My hon. Friend asked about the finances of this matter. It is true that in order to cope with this additional capacity, the hospital management committee concerned will have to have additional 742 money to run the hospital. I can assure my hon. Friend that that point is accepted and that the necessary funds will be made available. We do not yet know which management committee will be responsible for the administration of the hospital. There are three possible choices—the Norwich, Lowestoft and Great Yarmouth, the No. 7 Group and the No. 8 Group Hospital Management Committees. It looks as though the choice will probably fall on the No. 7 Group Hospital Management Committee which at present administers one large mental hospital, St. Andrews Hospital at Thorpe, Norwich.
The right hon. Gentleman made a passing reference to the differences in the hospital service. I take his point about that. We have had ample discussion of the matter in the last few days and I shall repeat only what I said on the previous occasion, that nobody supposes that the differences will be permanent and that in the meantime we should not be deterred from taking steps which in the end will be beneficial to the hospital service merely because the differences exist.
§ Mr. Arthur Moyle (Oldbury & Halesowen)
This is a technical point.
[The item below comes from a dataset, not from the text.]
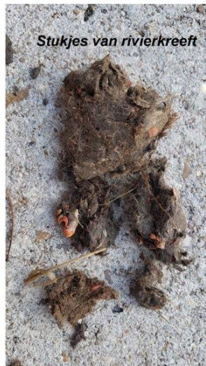
Stukjes van rivierkreeft

Het voedsel van ooievaars wisselt met het beschikbare aanbod. Dieren waarvan er op een bepaald moment in een gebied veel aanwezig zijn, vormen het stapelvoedsel. Leuk om daarom eens de braakballen beter te bekijken.

Assuming that the staff concerned agree—and I am mainly concerned with the general and domestic staffs—to assimilation into conditions of service generally prevailing, if subsequent increases in pay are granted to staffs, will those increases also apply to the staff of this hospital?
§ Mr. Thompson
Yes, that is so. The hon. Member may be interested to know that, following last week's debate, the staff of the Yarmouth Hospital sent a small deputation to the surgeon-captain of the hospital to say that they were most satisfied with the options offered to them, so we can take it that that part of the operation has got away to a good start.
I commend the Bill to the House and hope that it will be given a Third Reading.
§ Question put and agreed to.
§ Bill accordingly read the Third time and passed.